* **Exercise**
Every line of the material must be restated exactly, though not its pictures.

::: Dataset excerpt :::

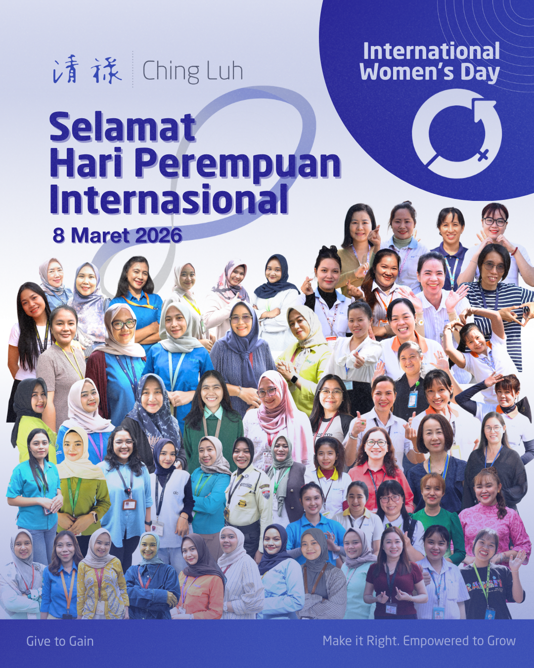 Di Hari Perempuan Internasional ini, mari bersatu membangun lingkungan di mana setiap orang dapat bertumbuh dengan penuh percaya diri dengan saling mendukung, untuk tumbuh bersama.
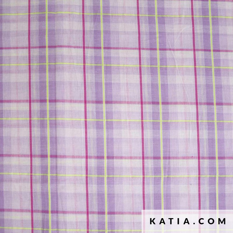 This fabric for checked shirts is available in neon yellow and lilac colors. This Neon & Lilac Fluor Madras checked fabric by Katia Fabrics is a thin, lightweight fabric weighing 95 g/m², perfect for sewing garments like shirts and dresses. In the Katia Fabrics sewing pattern magazines you’ll find the perfect patterns to sew T-shirts or dresses that fit this checked fabric to a tee.
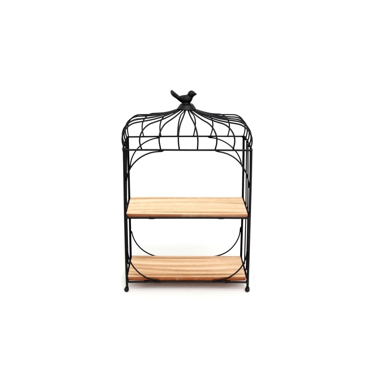 Suport cu 2 sertare Bird Cage, Bedora, 30x48x15 cm, lemn/metal, natur/negru

:::

* **Answer to this exercise**
 Di Hari Perempuan Internasional ini, mari bersatu membangun lingkungan di mana setiap orang dapat bertumbuh dengan penuh percaya diri dengan saling mendukung, untuk tumbuh bersama.
 This fabric for checked shirts is available in neon yellow and lilac colors. This Neon & Lilac Fluor Madras checked fabric by Katia Fabrics is a thin, lightweight fabric weighing 95 g/m², perfect for sewing garments like shirts and dresses. In the Katia Fabrics sewing pattern magazines you’ll find the perfect patterns to sew T-shirts or dresses that fit this checked fabric to a tee.
 Suport cu 2 sertare Bird Cage, Bedora, 30x48x15 cm, lemn/metal, natur/negru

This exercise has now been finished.